While 3G and WiMax are well positioned to advance the boundaries of interactivity and converged applications, it is clear that wired phone and cable networks are the main players in the world of high-bandwidth services. How these two behemoths fare from the technical, business and regulatory points of view likely will determine the fate of advanced services.

 

The industries have unique problems and, so far, it's been a mixed autumn for each. The phone companies are desperately trying to win statewide or even national franchises. The latest skirmish, in Connecticut, seems to be going the telco's way. For the cable industry, the challenge of the moment is fending off the Federal Communications Commission -- or, more specifically, chairman Kevin Martin.

 

This New York Times story details Martin's efforts to determine if the "70/70" rule should take effect.
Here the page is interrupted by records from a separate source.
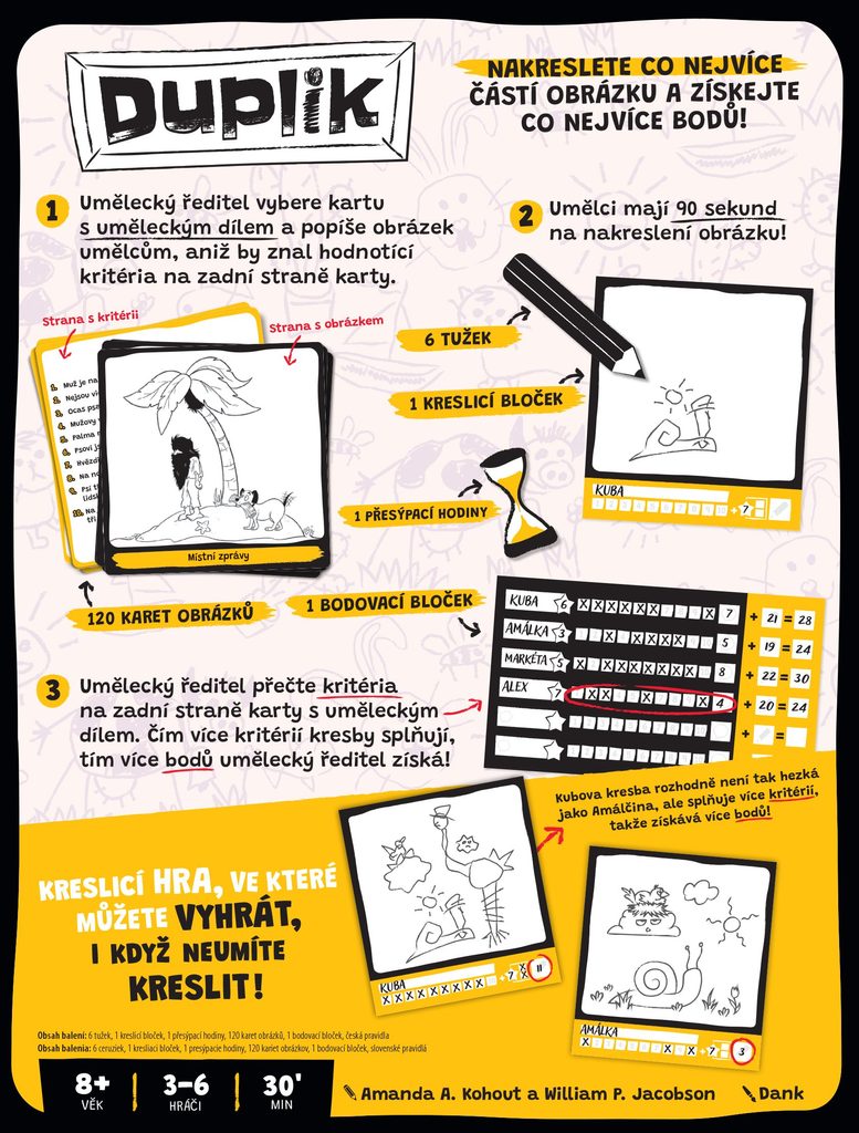 Duplik je malovací párty hra, v níž vůbec nemusíte umět malovat. Úkolem hráčů je totiž především dodržet malovací pokyny od uměleckého ředitele.
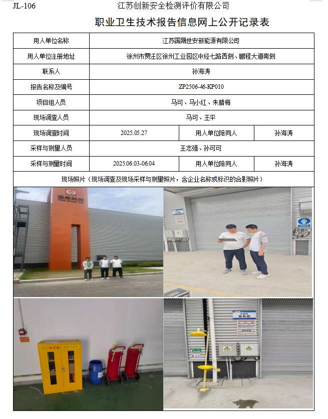 江苏国晟世安新能源有限公司使用高毒物品作业场所职业病危害控制效果评价报告
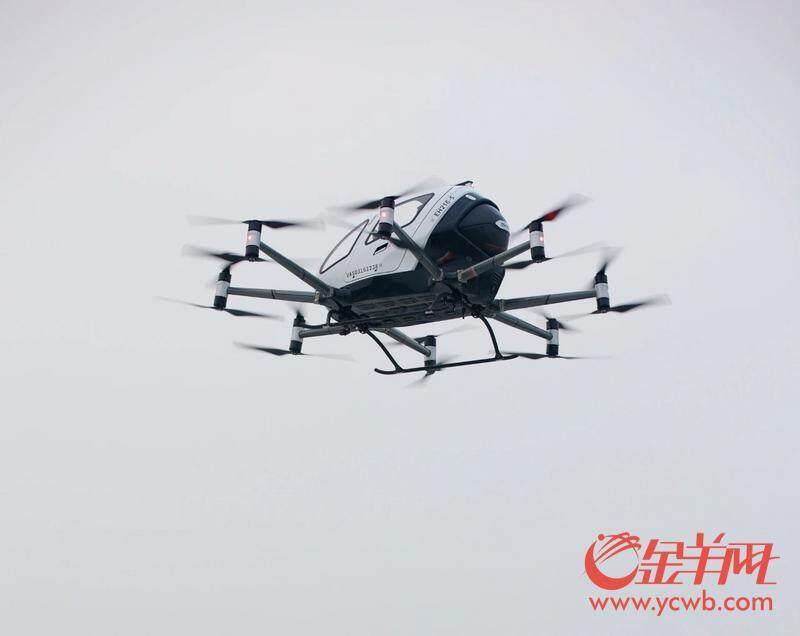 中国民航局受理亿航智能无人驾驶载人航空器运营合格证申请。图为EH216-S无人驾驶载人航空器
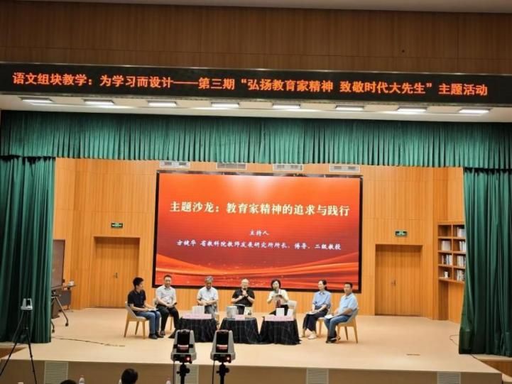 活动举办了以“教育家精神的追求与践行”为主题的沙龙。主持人省教科院教师发展研究所所长方健华与高校教授、知名专家、相关教育家精神研究中心代表、薛法根老师的同事和徒弟围绕“教育家精神”的内涵解读与实践路径展开深度探讨,分享了多维观点与一线经验。他们用最朴素的话语呼吁全体教师,以“教育家精神”为教育之路的指引,为培养担当民族复兴大任的时代新人不懈奋斗,彰显江苏教育人的使命担当。

The rule, which is part of the Cable Communications Act of 1984, mandates that the FCC can take more control over the industry if service is available to 70 percent or more of households and 70 percent or more of those households actually subscribe.

 

The story details which of the four other commissioners are likely to join with Martin on the vote. The situation is a bit odd, since cable industry seems to be facing a tremendous amount of competition, both from satellite services and telco-based fiber initiatives. Clearly, it is a more competitive landscape than it was when the Act took effect two decades ago.

 

On another level, a rule based on video viewership levels made sense in 1984. Today, however, it seems that real market power and dominance would be better determined by an assessment of the impact being made by the bundles of wired and/or wireless voice, data and video each industry is offering its customers and prospects.


 

This may seem like a regulatory tug-of-war -- and not a particular new one, at that -- but it is important. The reality is that a lot of things that don't seem directly relevant (or even particularly interesting) have a big impact on how the market treats various carriers and service providers and, in turn, how quickly they build out and upgrade their networks.

 

In this context, it is important to note what a tough few months it's been for Comcast. On one hand, it has to worry about the machinations of the FCC while, on the other it has legions of dissatisfied customers (one of which, according to this Media Post blog, led Advertising Age columnist Bob Garfield to start a blog called "comcastmustdie.com"). The post describes a general sense of mistrust of the company on Wall Street as well as among its customers, a loss of customers to the phone industry -- FCC pronouncements notwithstanding -- and a generally sour atmosphere. The piece doesn't even touch on the battle with subscribers over peer-to-peer limits.

 

Neither the cable or phone companies are going away, of course. It will be interesting to see how the franchise landscape evolves and how hard Martin and the FCC push the cable industry, especially as it considers an initiative to relax newspaper/television cross ownership rules.